Toronto — Le maire de Toronto a accusé une ancienne adversaire politique d'avoir crié au loup, vendredi, quand elle l'a accusé d'avoir fait des commentaires suggestifs et de l'avoir touché de manière inappropriée lors d'un événement politique.

Rob Ford a publié un communiqué dans lequel il nie les allégations de Sarah Thomson, qui ont été faites sur Facebook et lors d'une série d'entrevues avec des médias locaux.

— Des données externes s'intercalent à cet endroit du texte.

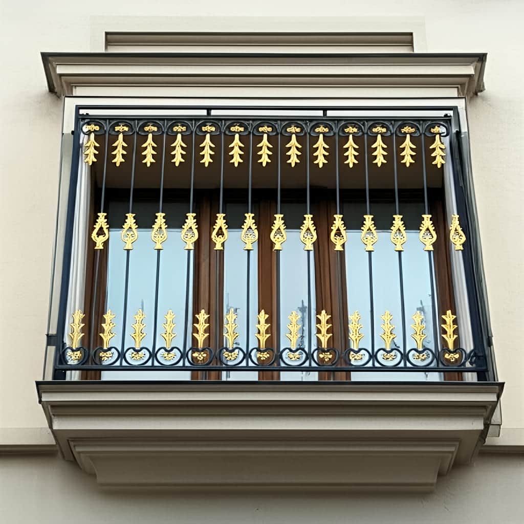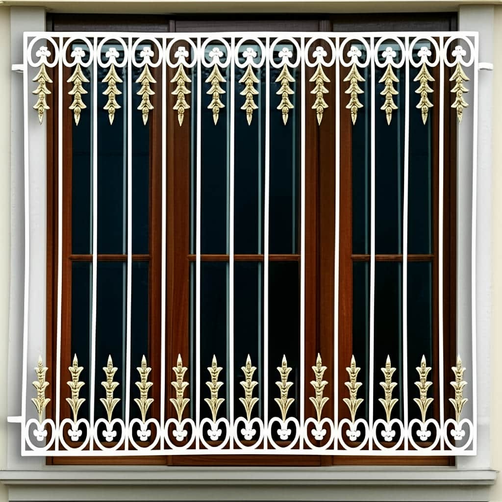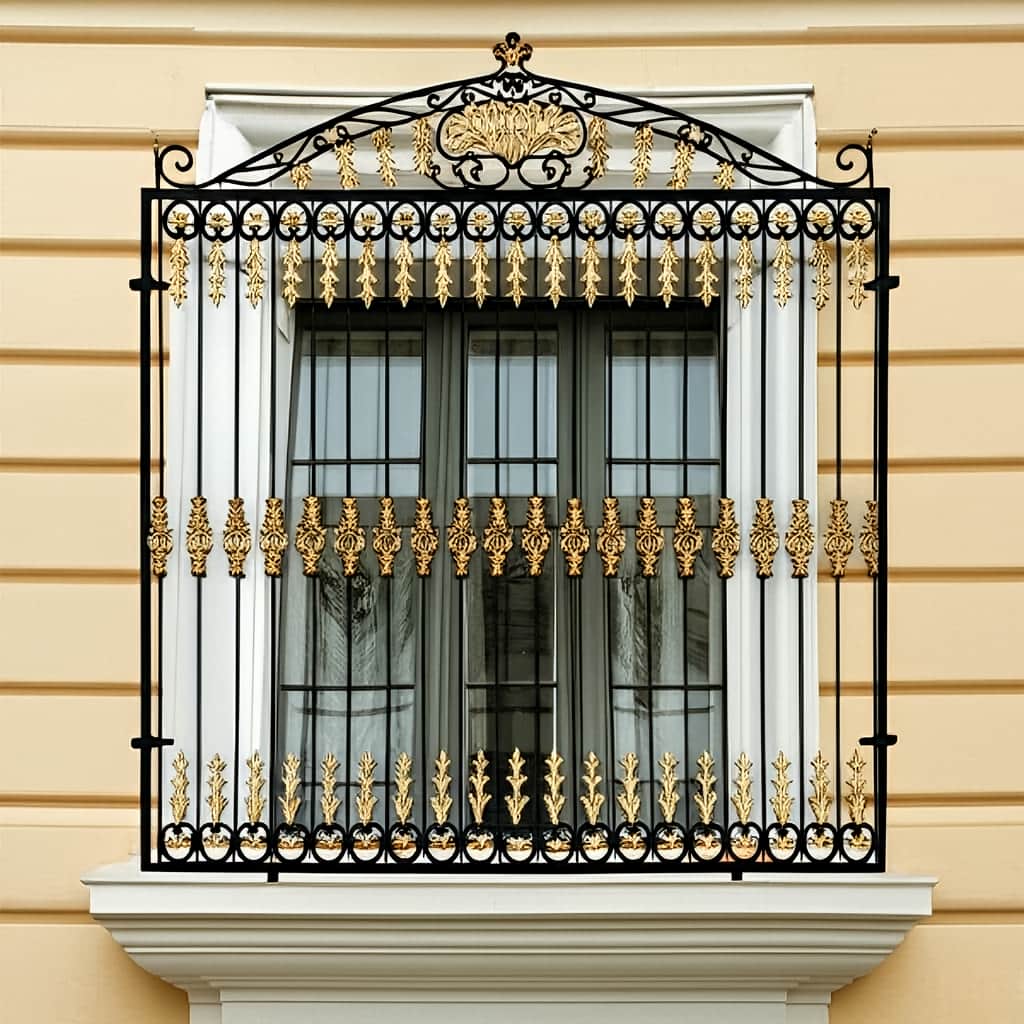 حفاظ پنجره مدل افشان از پروفیل فولادی کمکربن S355 با میلههای عمودی خمیده و تزئینات فرفورژه طلایی ساخته میشود. اتصال قطعات با جوش CO2 و پیچکاری دقیق، ساختاری بسیار مقاوم و بادوام را فراهم آورده است. پوشش چندمرحلهای پودری و آبکاری طلایی جزئیات، ماندگاری و زیبایی طولانیمدت را تضمین میکند.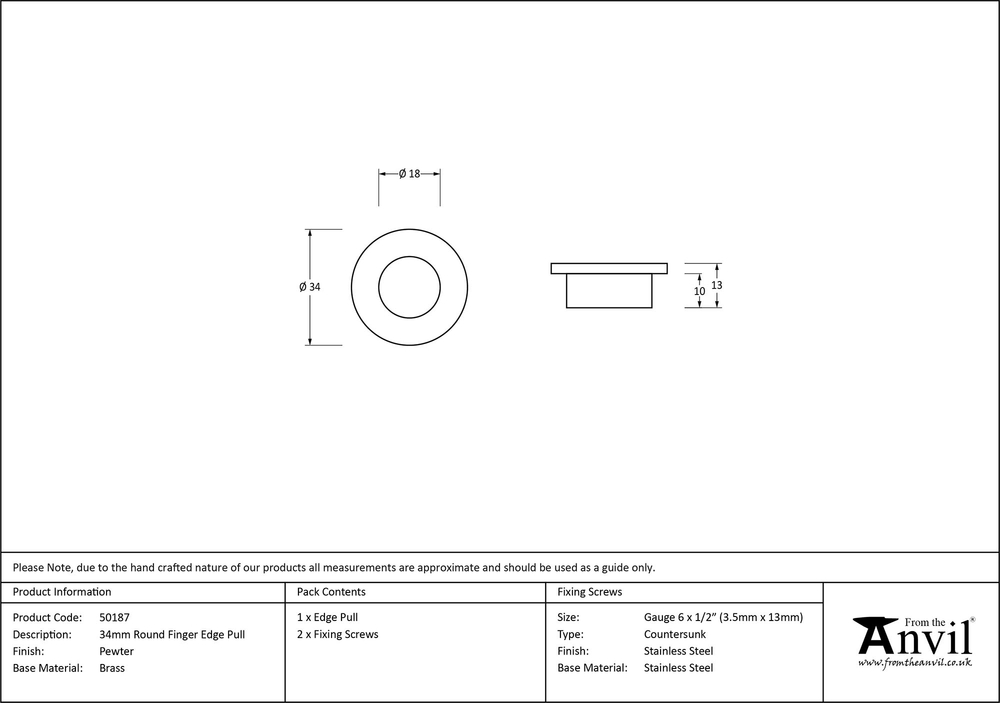 Overall Size : 34mm dia Internal Size : 18mm dia Projection : 13mm

M. Ford a dit qu'il était «choqué, atterré et surpris» quand il a lu les propos tenus par Mme Thomson, candidate à la mairie de Toronto en 2010.

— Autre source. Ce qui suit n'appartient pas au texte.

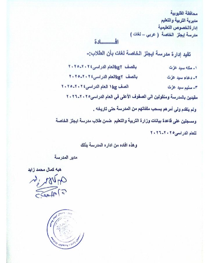 لكن مصادر مسؤولة بوزارة التربية والتعليم كشفت لـ”كشكول ” عن مستند رسمي يثبت عدم صحة ما تم تداوله من جانب الأسرة، مؤكدة أن أبناء السيدة ما زالوا مقيدين بالمدرسة بشكل طبيعي، ولم يتعرضوا لأي إجراء إداري أو تعليمي يمس حقهم في استكمال دراستهم.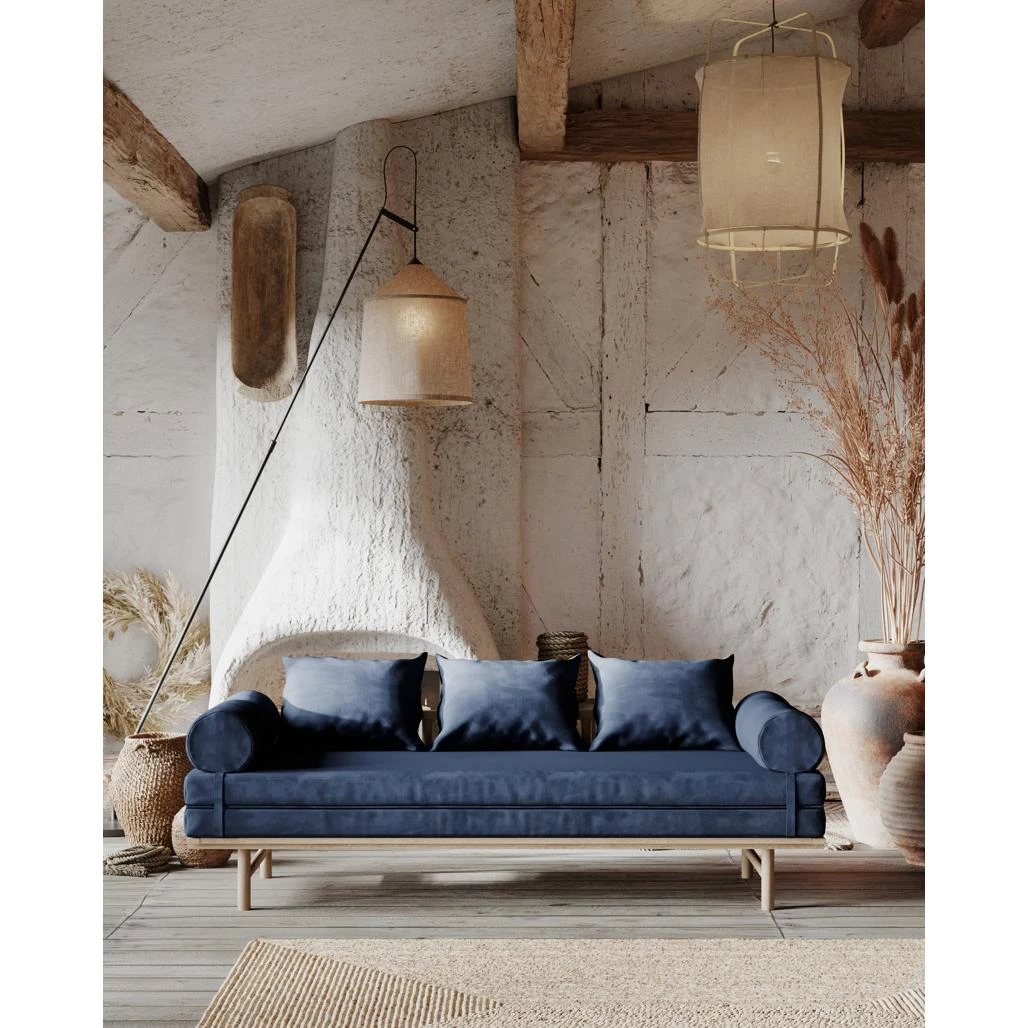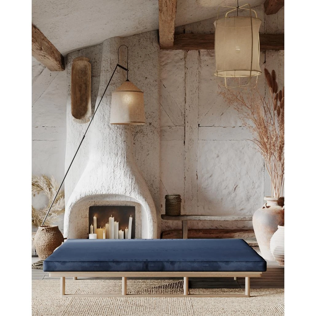 Sofa rozkładana Le MAR surowe drewno - niebieska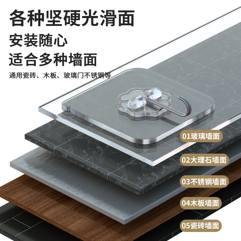粘钩无痕透明强力挂钩免打孔承重粘胶瓷砖墙面墙壁挂钩强力不掉落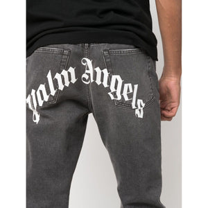 Faded black cotton blend logo-print straight-leg jeans from PALM ANGELS featuring mid-rise, belt loops, front button and zip fastening, classic five pockets, logo print to the rear, straight leg and slim cut. Curved Logo denim jeans Size and Fit - This piece fits true to size. We recommend you get your regular size. Model is 1,84m / 6ft 1in wearing size 32 (WAIST CM)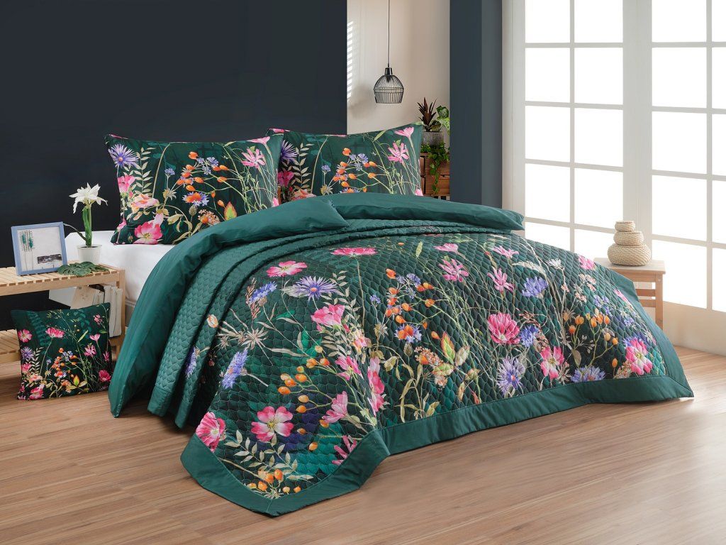Die Margot-Bettüberwurf ist eine einzigartige ästhetische und praktische Ergänzung, mit der Ihr Bett immer perfekt gemacht ist. Als Füllung wird geschichtetes Hohlfaser mit reduzierter Grammatur verwendet. Das Obermaterial besteht aus 100% Baumwollstoff im gleichen Design wie die Bettwäsche. Über die gesamte Fläche ist eine dekorative Steppung aufgebracht, um die Stabilität der Füllung zu gewährleisten und gleichzeitig das Gesamtbild des Überwurfs zu betonen. Füllgewicht: 120 g/m2 Farbdesign: Attraktives Motiv bunter Blumen auf einem grünblauen Hintergrund, der auf beiden Seiten des Überwurfs gleich ist. Die Ränder sind mit grünblauer Einfassung verziert, ergänzt auf der Oberseite durch gedämpfte grünblaue Paspel. Pflege: Die Überwürfe können in einer ausreichend großen Waschmaschine bei 40°C gewaschen werdenZusätzliche Parameter
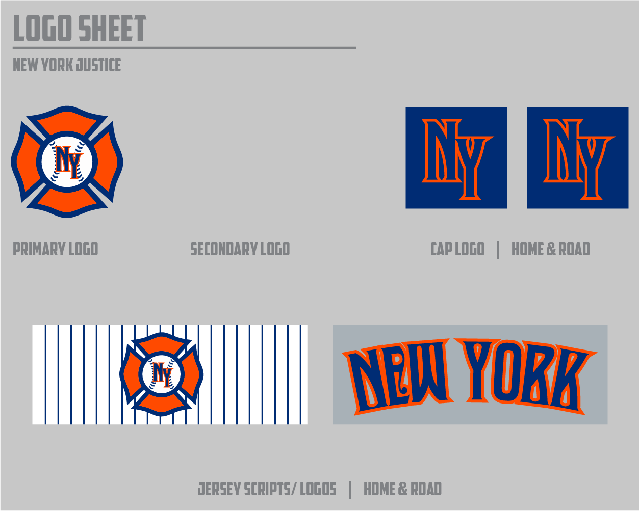 The New York Justice are proud to pay homage to the men and women of New York in their logo by adopting a fire shield logo with a classic baseball design in the middle to tie into America's pastime. This logo is featured on the chest of their home jerseys that don pinstripes. You will see a classic New York script across the chest of the road jersey set. Neither jersey features any shoulder patches. Both the home and away jersey feature a simplistic cap design with "NY" to represent the city. The Justice have bounced back and forth between several color pallets before finally deciding on New York Mets (MLB) blue and orange. After forming a combination of the Yankees and Mets the New York Justice feel they have formed the perfect iconic image for not only a large market franchise but the first team to join the "ABA". Without further adue - New York Justice:

Il a qualifié les allégations de «complètement fausses», tout en critiquant Mme Thomson d'avoir fait ces accusations lors de la Journée internationale des femmes.

Mme Thomson a soutenu que les événements se sont produits jeudi soir lors d'une fête organisée par le Comité des affaires politiques canadiennes juives, quand elle lui a demandé pourquoi il avait raté un événement la semaine dernière.

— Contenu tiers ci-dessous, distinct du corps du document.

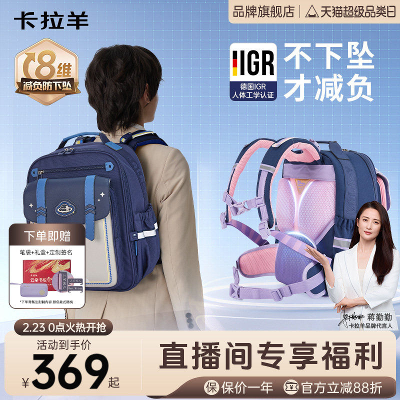 超轻便软减负缓震卡拉羊小学生书包一二三年级女童男生儿童双肩包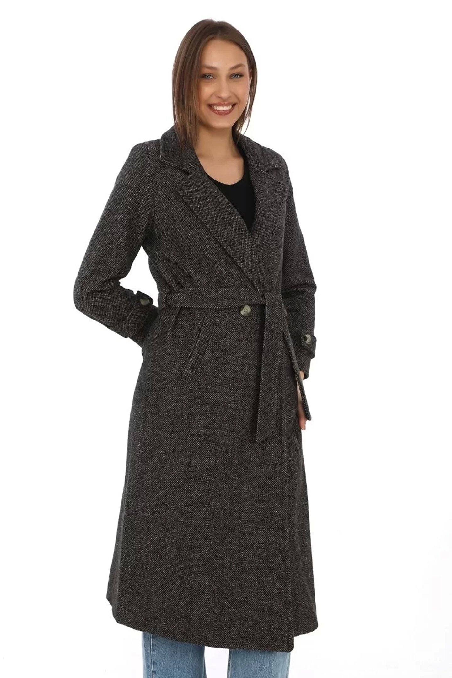 kalimbus Kadın Astarlı Balık Sırtı Kaşmir Kaşe Kaban - Kahverengi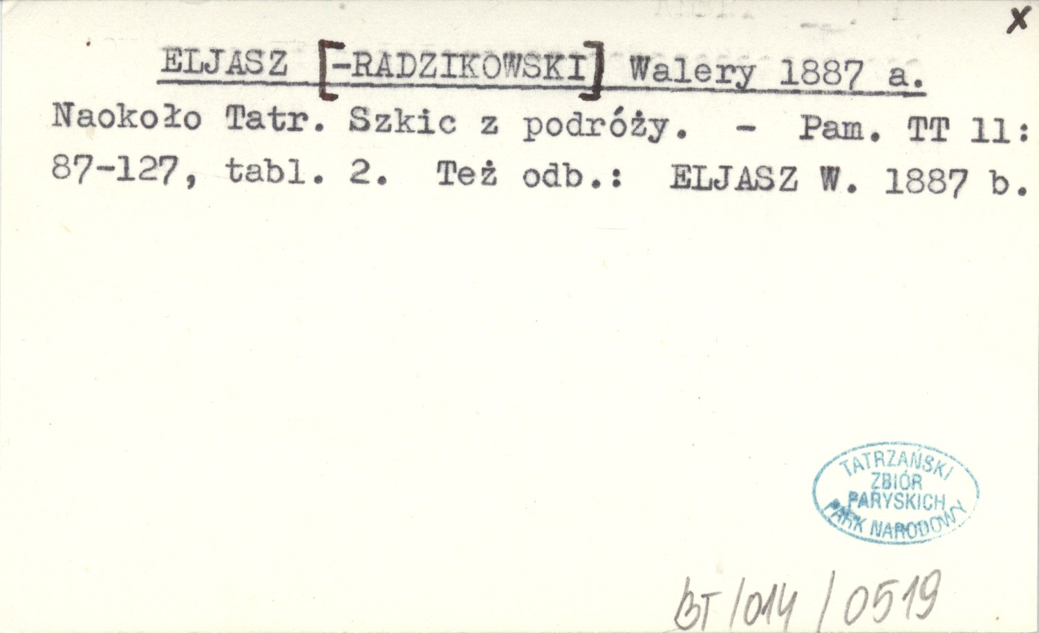 ELJASZ [-RADZIKOWSKI] Walery 1887 a Naokoło Tatr. Szkic z podróży.

M. Ford semblait ne pas avoir toute sa tête, a mentionné Mme Thomson, suggérant qu'il avait peut-être un problème de consommation. Elle a toutefois ajouté qu'il ne semblait pas en état d'ébriété.

«Il m'a dit: "J'étais en Floride. Vous auriez dû venir avec moi, vous savez, ma femme n'était pas là". Et je le regarde en me disant: "Quoi?"», a déclaré vendredi Mme Thomson à la station de radio NewsTalk 1010.

«Puis, il a dit: "Oui, nous aurions pu nous amuser". Et je me suis dit: "O.K., ce n'est pas lui. C'est étrange". Et je me suis tournée et nous avons été pris en photo et il a saisi mon derrière et je me suis dit: "Qu'est-ce qui se passe avec lui?".»

Mme Thomson, qui est éditrice du magazine Women's Post et qui milite pour le transport en commun, a poursuivi en disant qu'elle avait demandé à M. Ford qu'est-ce qui clochait chez lui, et il aurait alors éclaté de rire. «Je suis partie et j'avais envie de le frapper au visage. Vous savez, c'est une de ces choses où vous vous dites: comment oses-tu?»

Dans son communiqué, M. Ford n'a pas commenté les accusations de Mme Thomson entourant sa consommation de «substance», mais son chef de cabinet, Mark Towhey, a nié que son patron était intoxiqué. «Il n'a rien bu ce soir-là, sauf trois ou quatre verres d'eau et une bouteille d'eau que je lui ai amenée», a raconté M. Towhey à la même station radiophonique.